### WHAT THE EXERCISE ASKS
Every line from the one holding "Zásuvkový box, polaminovaný" through the one holding "verticale degli Aglianico" in the data below must be returned exactly, both ends included, with pictures left out and nothing else added.

### DATA FOR THE TASK

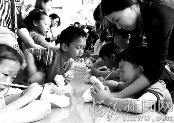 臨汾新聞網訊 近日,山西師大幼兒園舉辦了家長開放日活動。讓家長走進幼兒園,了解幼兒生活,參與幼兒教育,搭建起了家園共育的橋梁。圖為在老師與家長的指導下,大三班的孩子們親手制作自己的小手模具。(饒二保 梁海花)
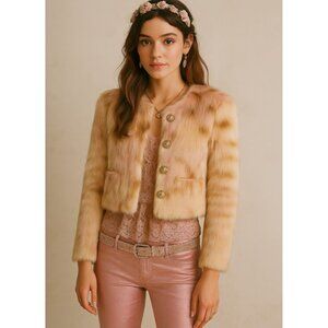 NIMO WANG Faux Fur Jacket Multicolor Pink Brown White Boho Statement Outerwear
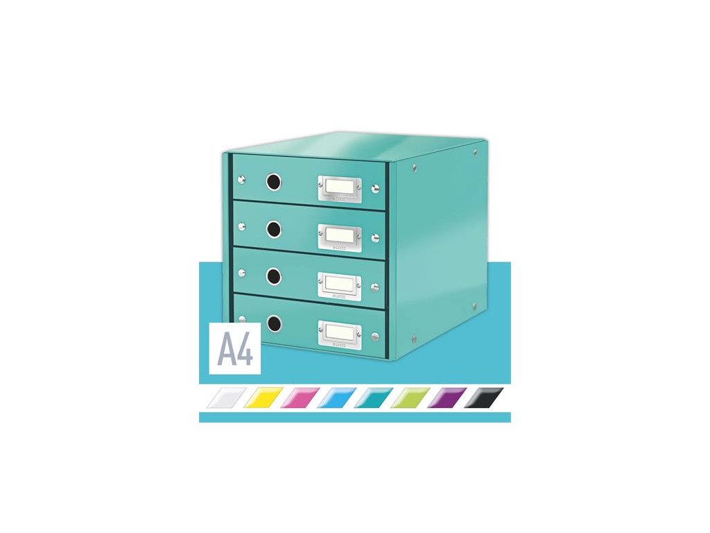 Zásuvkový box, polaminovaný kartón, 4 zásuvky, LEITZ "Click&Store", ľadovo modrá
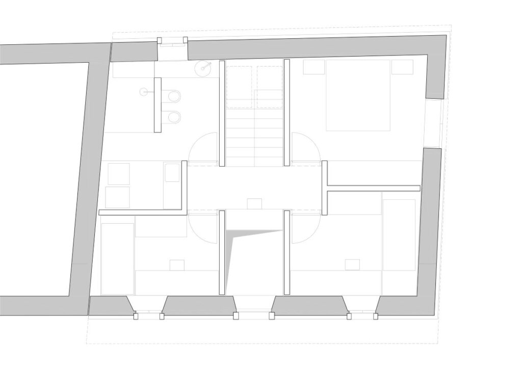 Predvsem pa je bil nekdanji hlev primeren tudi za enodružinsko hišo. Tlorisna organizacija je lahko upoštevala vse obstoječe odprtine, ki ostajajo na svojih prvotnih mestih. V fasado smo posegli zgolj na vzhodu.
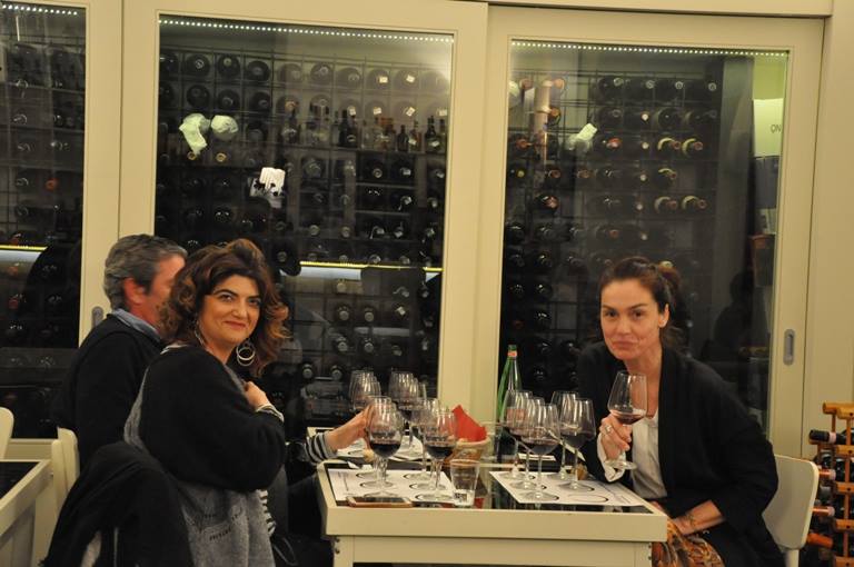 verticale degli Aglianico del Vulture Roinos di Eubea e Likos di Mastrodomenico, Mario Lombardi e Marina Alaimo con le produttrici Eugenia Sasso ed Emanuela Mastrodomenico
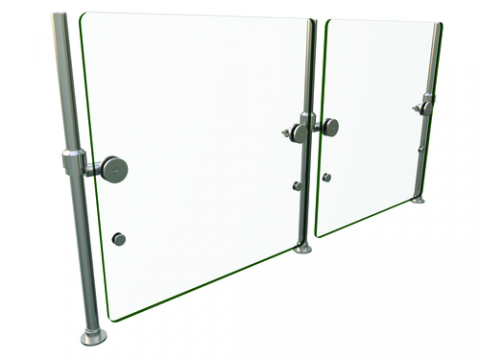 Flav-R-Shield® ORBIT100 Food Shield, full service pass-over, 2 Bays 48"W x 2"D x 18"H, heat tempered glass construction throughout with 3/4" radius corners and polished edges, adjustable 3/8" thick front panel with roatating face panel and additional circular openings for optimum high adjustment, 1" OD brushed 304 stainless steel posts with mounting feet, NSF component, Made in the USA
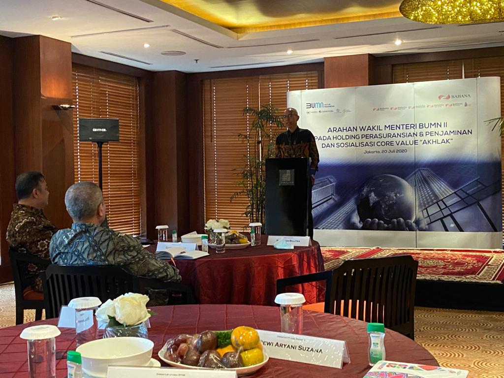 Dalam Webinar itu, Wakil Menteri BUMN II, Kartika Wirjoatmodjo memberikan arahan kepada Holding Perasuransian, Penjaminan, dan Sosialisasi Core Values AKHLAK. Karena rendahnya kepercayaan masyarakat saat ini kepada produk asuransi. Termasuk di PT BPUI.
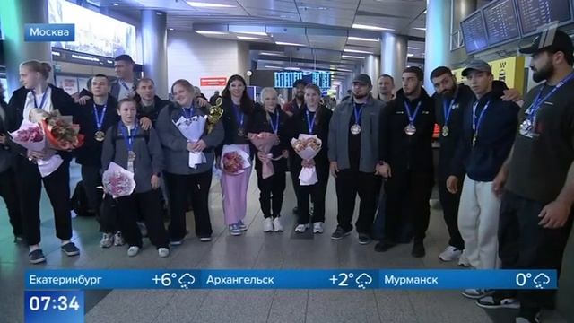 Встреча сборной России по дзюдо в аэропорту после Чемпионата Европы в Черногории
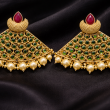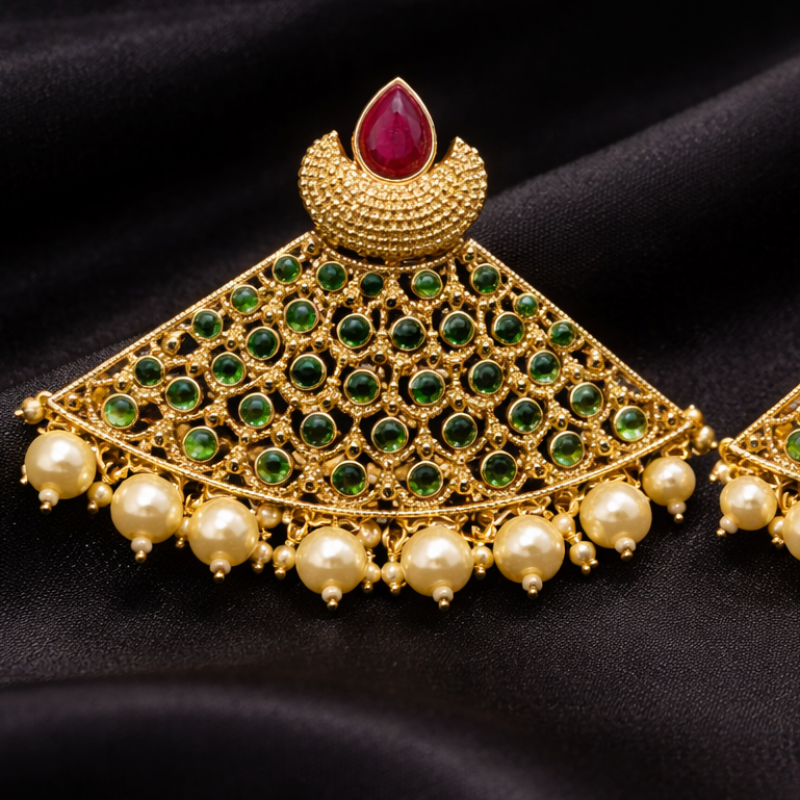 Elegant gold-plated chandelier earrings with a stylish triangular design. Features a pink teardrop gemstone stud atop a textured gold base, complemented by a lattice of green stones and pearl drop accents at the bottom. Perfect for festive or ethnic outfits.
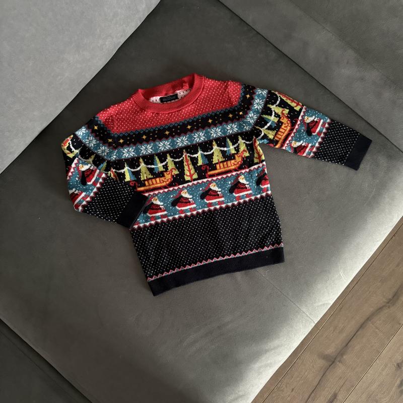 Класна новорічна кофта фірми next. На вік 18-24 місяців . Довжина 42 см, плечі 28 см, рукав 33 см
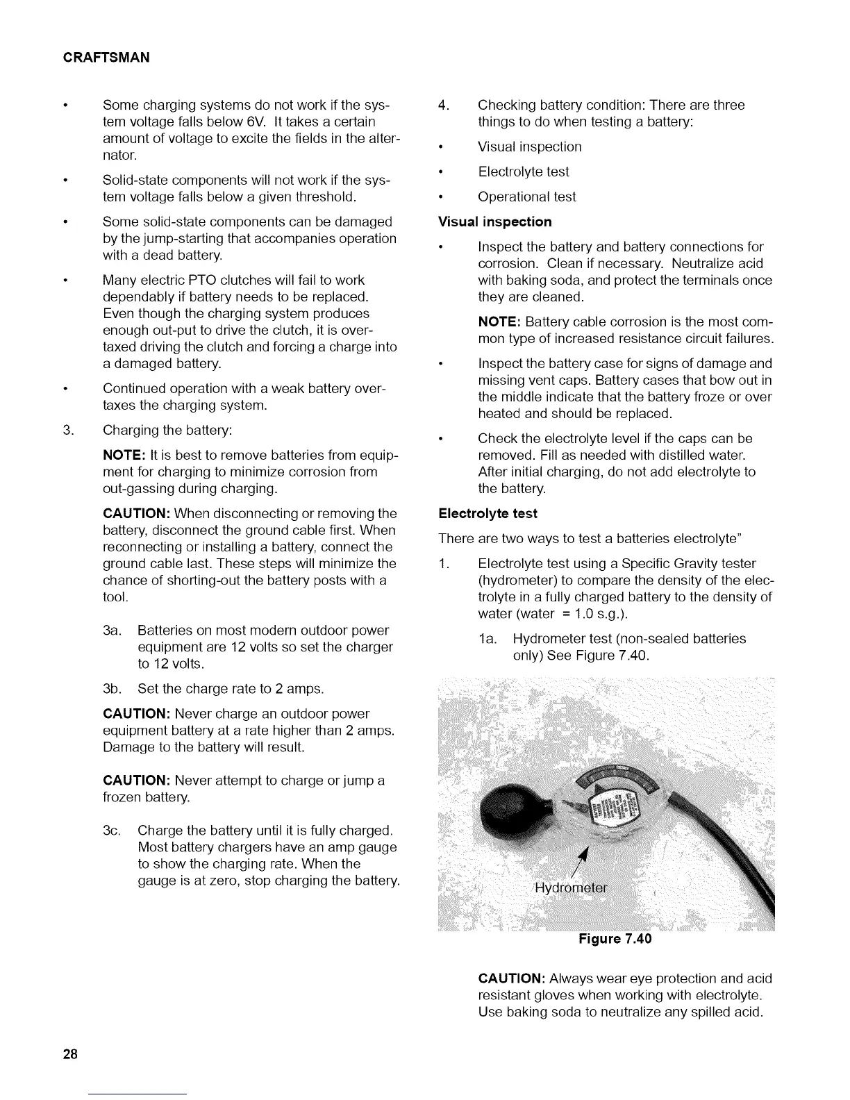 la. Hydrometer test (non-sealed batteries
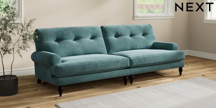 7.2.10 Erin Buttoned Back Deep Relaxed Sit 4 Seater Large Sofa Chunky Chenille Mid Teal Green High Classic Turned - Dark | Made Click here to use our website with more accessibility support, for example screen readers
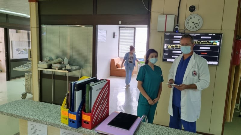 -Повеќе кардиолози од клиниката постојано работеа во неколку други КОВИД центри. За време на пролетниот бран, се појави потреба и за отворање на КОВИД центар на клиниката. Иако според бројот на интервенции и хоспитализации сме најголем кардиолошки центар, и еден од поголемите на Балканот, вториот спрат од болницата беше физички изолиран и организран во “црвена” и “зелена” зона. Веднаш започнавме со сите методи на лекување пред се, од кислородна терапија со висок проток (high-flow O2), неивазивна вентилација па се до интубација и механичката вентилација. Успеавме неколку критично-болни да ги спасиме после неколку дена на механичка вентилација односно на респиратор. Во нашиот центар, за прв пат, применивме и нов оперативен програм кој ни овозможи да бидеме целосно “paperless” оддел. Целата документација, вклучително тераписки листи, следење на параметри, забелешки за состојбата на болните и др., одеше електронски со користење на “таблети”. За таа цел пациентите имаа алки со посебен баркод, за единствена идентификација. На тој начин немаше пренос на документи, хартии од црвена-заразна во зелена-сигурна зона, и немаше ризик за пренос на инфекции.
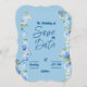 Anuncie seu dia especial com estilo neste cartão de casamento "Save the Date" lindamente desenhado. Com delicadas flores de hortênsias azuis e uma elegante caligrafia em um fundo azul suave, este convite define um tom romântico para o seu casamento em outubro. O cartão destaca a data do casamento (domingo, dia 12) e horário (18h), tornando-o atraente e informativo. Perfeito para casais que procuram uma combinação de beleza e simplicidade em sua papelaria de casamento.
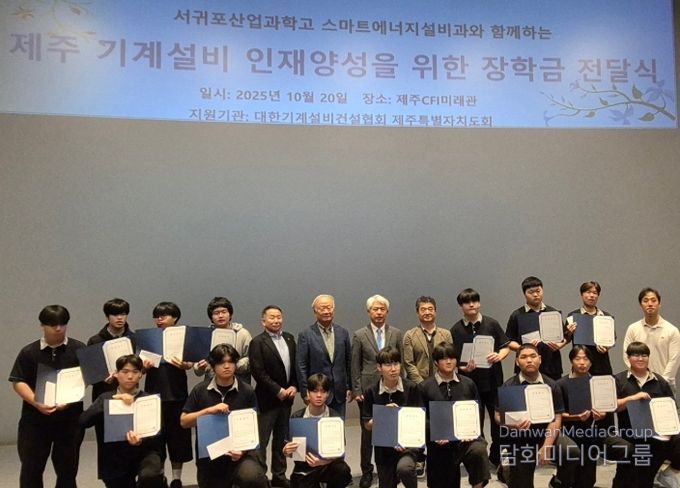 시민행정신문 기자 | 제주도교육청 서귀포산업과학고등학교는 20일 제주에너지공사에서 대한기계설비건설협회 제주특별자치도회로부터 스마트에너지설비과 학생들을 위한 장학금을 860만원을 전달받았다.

### TASK ANSWER
 Zásuvkový box, polaminovaný kartón, 4 zásuvky, LEITZ "Click&Store", ľadovo modrá
 Predvsem pa je bil nekdanji hlev primeren tudi za enodružinsko hišo. Tlorisna organizacija je lahko upoštevala vse obstoječe odprtine, ki ostajajo na svojih prvotnih mestih. V fasado smo posegli zgolj na vzhodu.
 verticale degli Aglianico del Vulture Roinos di Eubea e Likos di Mastrodomenico, Mario Lombardi e Marina Alaimo con le produttrici Eugenia Sasso ed Emanuela Mastrodomenico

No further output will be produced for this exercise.